-- What the task requires --
The whole listing, apart from its images, should be restated word for word.
━━━ Data records
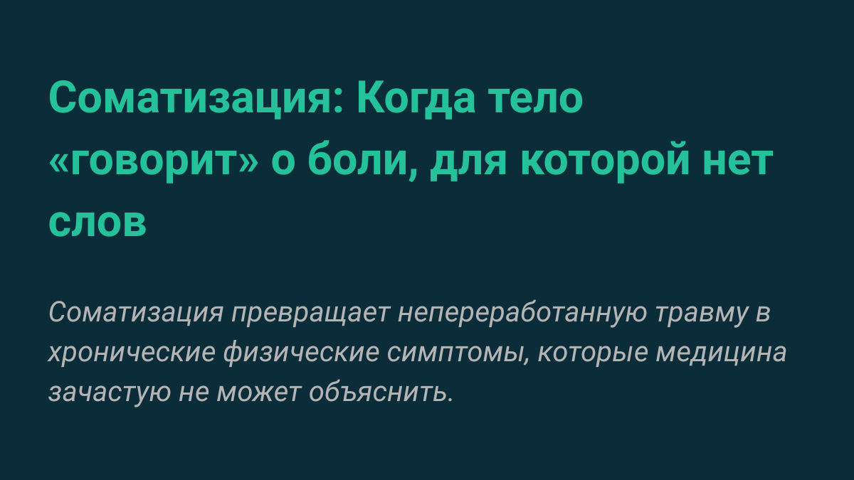 Соматизация: Когда тело «говорит» о боли, для которой нет слов
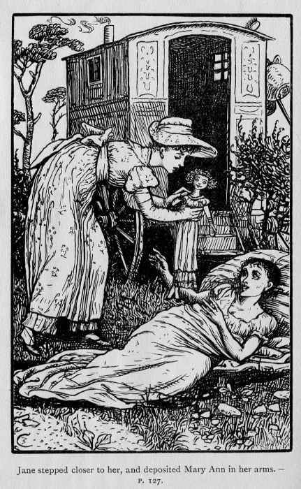 Tom’s employment was more wonderful still. He was playing with Lily, who was sitting perched upon his shoulder, laughing and screaming with delight. As soon as she saw Charlie she slid down, and holding Tom’s great rough hand in her tiny one, pulled him along the lane towards her little friend.
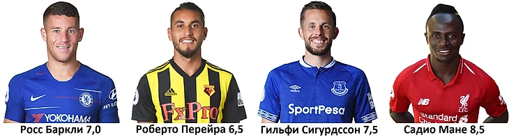 Полузащита. Великолепную форму набрал Росс Баркли 7,0, на счету англичанина 3 гола и 3 ассиста в трёх последних встречах, на фоне Эдена Азара, восстанавливающегося после травмы, вариант отличный. Не сильно уступает ему Гильфи Сигурдссон 7,5, забивший 5 голов в 6 последних матчах ирисок, конкурент исландца Ришарлисон 7,5, пока только набирает форму - бразилец заработал пенальти на Олд Траффорд и забил Шмейхелю, его главное преимущество в позиции на поле, он играет единственного нападающего в команде Рафы Силвы. Антони Марсьяль 7,5 исполняет обязанности Лукаку в последних матчах и уже наколотил 4 гола в трёх поединках, а если бы Погба надежней исполнял пенальти, имел бы ещё и ассист. В составе Манчестер Сити хороши сразу несколько игроков, но в основе они выходят не так стабильно, как хотелось бы, а учитывая предстоящие матчи ЛЧ, скорее всего снова будут сюрпризы. Тем не менее выделяется Рахим Стерлинг 9,0, принесший 6 голов команде своими действиями в последних шести играх.
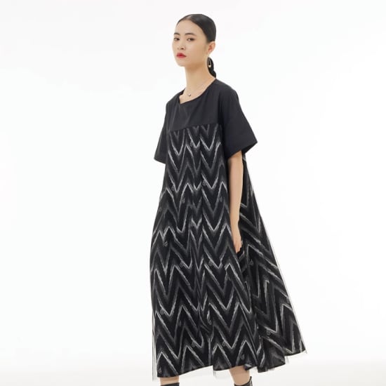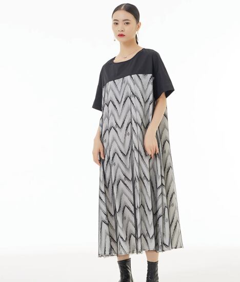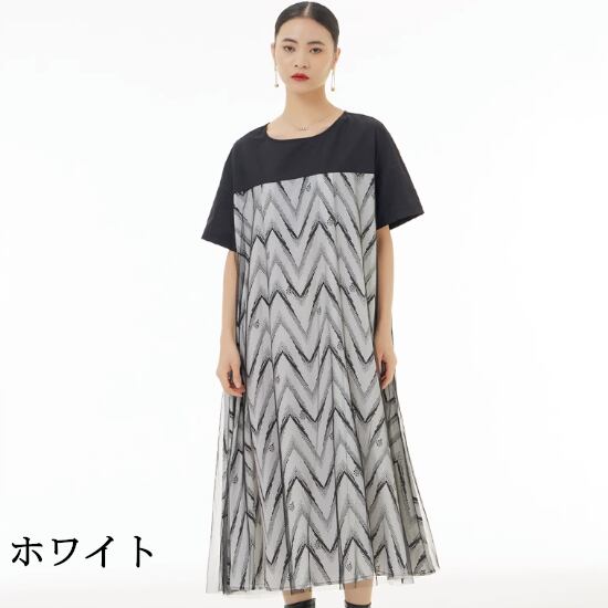 ロングワンピース 波柄 大きいサイズ レディース 半袖 ロング丈 ラウンドネック フリーサイズ ストリート 2色 上品 通勤 お出かけ 発表会 休日 女子会 ショッピング 20代 30代 40代 夏
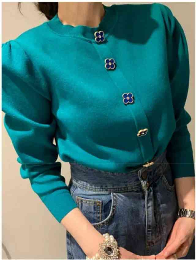 ニット カーディガン ニットコート カーデ ショート丈 厚手 ゆったり 体型カバー 長袖 コーディガン 秋冬 トップス 前開き アウター クルーネック フラワーボタン 可愛い お洒落 大人女子 ガーリー パフスリーブ シンプル フェミニン
━━━━━━
-- Written answer --
 Соматизация: Когда тело «говорит» о боли, для которой нет слов
 Tom’s employment was more wonderful still. He was playing with Lily, who was sitting perched upon his shoulder, laughing and screaming with delight. As soon as she saw Charlie she slid down, and holding Tom’s great rough hand in her tiny one, pulled him along the lane towards her little friend.
 Полузащита. Великолепную форму набрал Росс Баркли 7,0, на счету англичанина 3 гола и 3 ассиста в трёх последних встречах, на фоне Эдена Азара, восстанавливающегося после травмы, вариант отличный. Не сильно уступает ему Гильфи Сигурдссон 7,5, забивший 5 голов в 6 последних матчах ирисок, конкурент исландца Ришарлисон 7,5, пока только набирает форму - бразилец заработал пенальти на Олд Траффорд и забил Шмейхелю, его главное преимущество в позиции на поле, он играет единственного нападающего в команде Рафы Силвы. Антони Марсьяль 7,5 исполняет обязанности Лукаку в последних матчах и уже наколотил 4 гола в трёх поединках, а если бы Погба надежней исполнял пенальти, имел бы ещё и ассист. В составе Манчестер Сити хороши сразу несколько игроков, но в основе они выходят не так стабильно, как хотелось бы, а учитывая предстоящие матчи ЛЧ, скорее всего снова будут сюрпризы. Тем не менее выделяется Рахим Стерлинг 9,0, принесший 6 голов команде своими действиями в последних шести играх.
 ロングワンピース 波柄 大きいサイズ レディース 半袖 ロング丈 ラウンドネック フリーサイズ ストリート 2色 上品 通勤 お出かけ 発表会 休日 女子会 ショッピング 20代 30代 40代 夏
 ニット カーディガン ニットコート カーデ ショート丈 厚手 ゆったり 体型カバー 長袖 コーディガン 秋冬 トップス 前開き アウター クルーネック フラワーボタン 可愛い お洒落 大人女子 ガーリー パフスリーブ シンプル フェミニン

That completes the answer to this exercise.